With telecommunications firms and handset makers pushing towards high-speed 4G LTE networks, Qualcomm's chip technology is perfectly positioned, analysts say.
Goldman Sachs analyst Simona Jankowski, for example, expects Qualcomm to reiterate its expectations for double-digit top and bottom-line growth during its analyst event.
Key catalysts, she explained in a recent note, include the shift from second-generation to 3G and 4G networks, as well as the growing proliferation of smartphones.
"We expect the upbeat tone from the company's recent earnings call to continue," she said.
Speaking during the company's recent fourth-quarter earnings call, Qualcomm CEO Paul Jacobs cited "continued deployment of advanced network technologies" as one of the company's key growth drivers.
Specifically, the CEO pointed to data from the Global Mobile Suppliers Association highlighting the expansion of next-generation networks. According to the GSA, he said, there are now 152 HSPA+ and 35 LTE commercial networks throughout the globe.
Within its processor family, Qualcomm supports both LTE and HSPA+, which delivers 4G speeds over mobile broadband.
The firm, however, has also been winning plaudits for its 4G baseband chipset, which converts radio signals into sound and data for mobile devices.
"You can have a single chip which supports multi-mode, therefore a 3G chip that also supports GSM and the progression to 4G/LTE," Vijay Rakesh, an analyst at Sterne Agee, said in an interview. "It will also support the local China standard, which is TD-SCDMA."
In particular, Rakesh sees Qualcomm's new 28-nanometer Krait technology as a major growth driver.
"The 28-nanometer chips offer 3G-4G-GSM on one piece of silicon and can offer a more cost-effective solution for handset OEMs looking to produce phones for multiple protocols and geographies," he said.
Specifically, according to Rakesh, Krait will help Qualcomm open up a "virtually untapped" market for the firm in China.
"We expect Qualcomm to emphasize its significant competitive advantage in its move to 28-nanometer," added Goldman's Jankowski.
"As well as its support of all air interface standards (including all LTE frequency bands) and the highest level of integration (app processor, graphics, baseband, connectivity management) on its 28 nanometer portfolio in 2012."

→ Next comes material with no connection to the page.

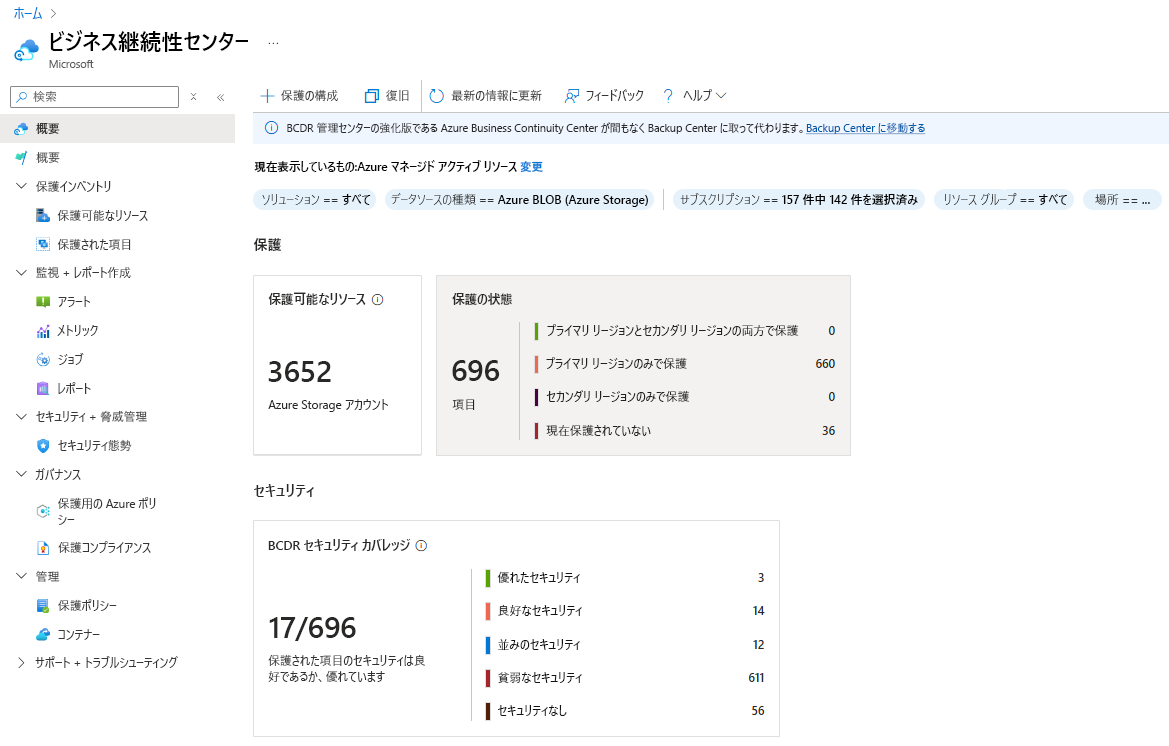 回復性により、保護されたストレージ アカウントの 保護状態 と、 バックアップが現在構成されていないストレージ アカウントを簡単に監視できます。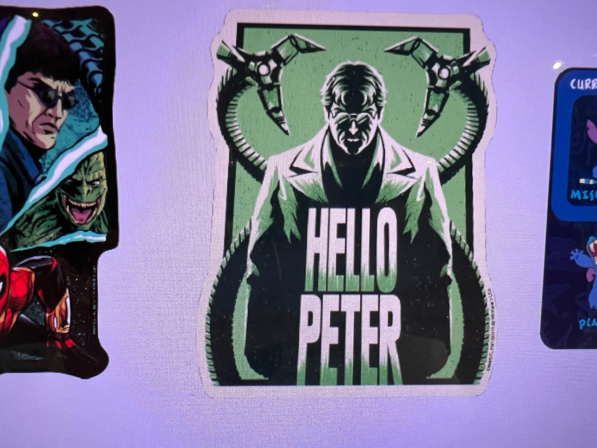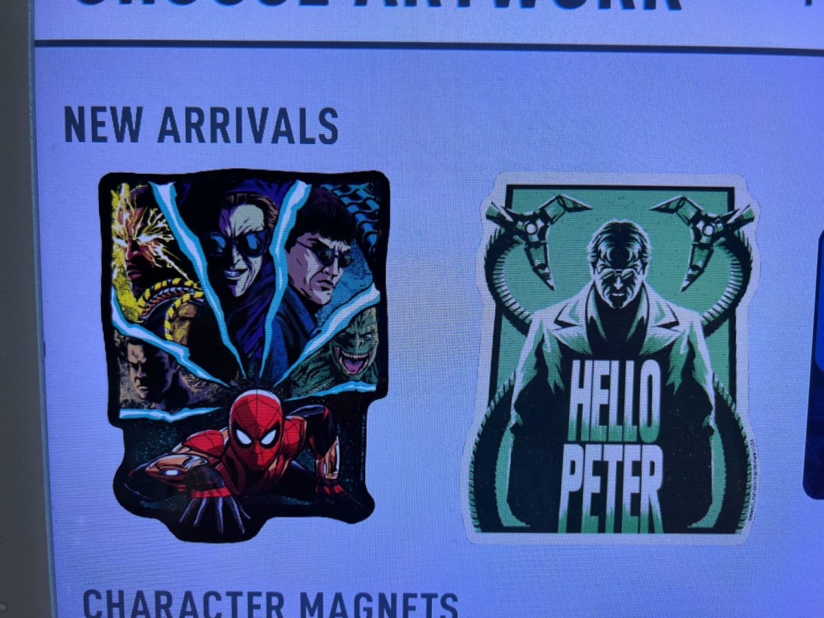 Finally, this green magnet features Doc Ock and reads “Hello Peter.”

Speaking during the earnings call, Jacobs said that Qualcomm had sampled the industry's firm integrated application processor and multimode LTE platform for handsets.
A pioneer of the CDMA wireless standard, Qualcomm's reputation as a wireless innovator is unquestioned, although the company's latest project looks set to raise eyebrows.
Last week, Qualcomm acquired the technology and other assets of HaloIPT, a company that builds wireless charging technology for electric vehicles.
HaloIPT touts a technology called "inductive power transfer" as the next big thing, using magnetic resonance to transfer power from a transmitting pad on the ground to a receiving pad on an electric car.
Qualcomm clearly sees future upside in wireless car charging, even though the technology is still in its relative infancy.
"We see the expansion of connectivity as a growth driver for our business," explained Jacobs recently, hinting at a world where Qualcomm's chips are found in weird and wonderful places.
"We believe in an Internet of everything where we'll be surrounded by an increasing amount of connected devices." Shares of Qualcomm, which competes with Broadcom, Nokia and Texas Instruments , have risen almost 16 percent this year.